Write out the listing below in its entirety, minus the pictures, without changing a word.

▶ [Data excerpt]:
****************
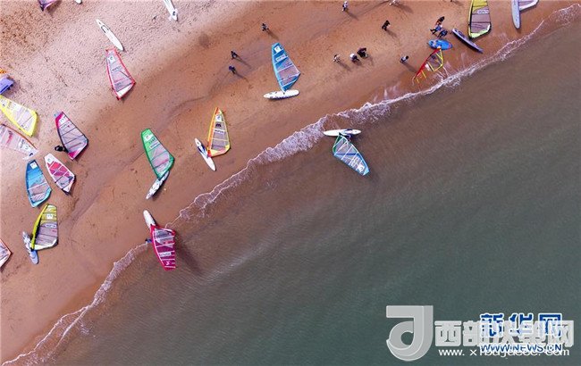 參加2017第四屆國際旅游島帆板大獎(jiǎng)賽??诖螵?jiǎng)賽的選手在比賽結(jié)束后上岸(2017年11月16日無人機(jī)拍攝)。新華社記者 楊冠宇 攝
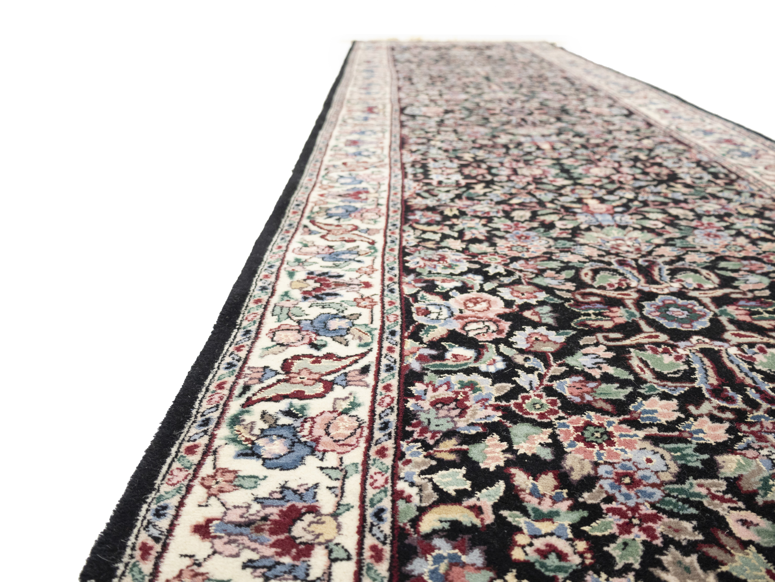 This authentic 2'6X9'9 charcoal new Oriental Runner rug was crafted by the hands of skilled weavers enthused by a variety of lovely artistic designs, to recreate the aged look of the unique piece with a richness of color and beautifully elaborated background field. What set this vintage style Oriental area runner from the others are the material and dye used (wool pile and cotton foundation), knot count, ancient designs, fantastic grades, and its regional historical connection: it has deep roots, from the story of the people who produced it to the meaning of the symbols and colors displayed across its canvas that have been praised for centuries. This Indian home décor carpet will be completely cozy and inviting that never will go out of style! Also, this Oriental runner would be among your most valuable treasures, it is a great investment that increase in value over time, and it will last for generations because was woven with high-quality, all-natural wool. Environmentally friendly, opulent yet affordable; this rug will give you a thorough amount of character to help define your living space with sophistication and warmth that will capture the eyes and attention of your audience (homeowners, designers, decorators, family and friends).
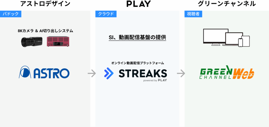2012年、競馬場に行かなくても投票できるインターネット投票システムが導入されて以降、インターネットを通じ競馬を楽しむユーザーは年々増加傾向にある。そこで、レースの映像視聴だけでなく、レース前のパドックを競馬場さながらの臨場感で見ることができるよう、今回の「パドック映像マルチ配信システム」が開発された。PLAYは開発にあたり、OTT 配信に必要なトータルワークフローを提供するオンライン動画配信プラットフォーム「STREAKS」の提供、および複数の8KカメラのAI切り出し映像を配信するためのシステムインテグレーションを担当した。
****************
▶ [Expected output]:
 參加2017第四屆國際旅游島帆板大獎(jiǎng)賽??诖螵?jiǎng)賽的選手在比賽結(jié)束后上岸(2017年11月16日無人機(jī)拍攝)。新華社記者 楊冠宇 攝
 This authentic 2'6X9'9 charcoal new Oriental Runner rug was crafted by the hands of skilled weavers enthused by a variety of lovely artistic designs, to recreate the aged look of the unique piece with a richness of color and beautifully elaborated background field. What set this vintage style Oriental area runner from the others are the material and dye used (wool pile and cotton foundation), knot count, ancient designs, fantastic grades, and its regional historical connection: it has deep roots, from the story of the people who produced it to the meaning of the symbols and colors displayed across its canvas that have been praised for centuries. This Indian home décor carpet will be completely cozy and inviting that never will go out of style! Also, this Oriental runner would be among your most valuable treasures, it is a great investment that increase in value over time, and it will last for generations because was woven with high-quality, all-natural wool. Environmentally friendly, opulent yet affordable; this rug will give you a thorough amount of character to help define your living space with sophistication and warmth that will capture the eyes and attention of your audience (homeowners, designers, decorators, family and friends).
2012年、競馬場に行かなくても投票できるインターネット投票システムが導入されて以降、インターネットを通じ競馬を楽しむユーザーは年々増加傾向にある。そこで、レースの映像視聴だけでなく、レース前のパドックを競馬場さながらの臨場感で見ることができるよう、今回の「パドック映像マルチ配信システム」が開発された。PLAYは開発にあたり、OTT 配信に必要なトータルワークフローを提供するオンライン動画配信プラットフォーム「STREAKS」の提供、および複数の8KカメラのAI切り出し映像を配信するためのシステムインテグレーションを担当した。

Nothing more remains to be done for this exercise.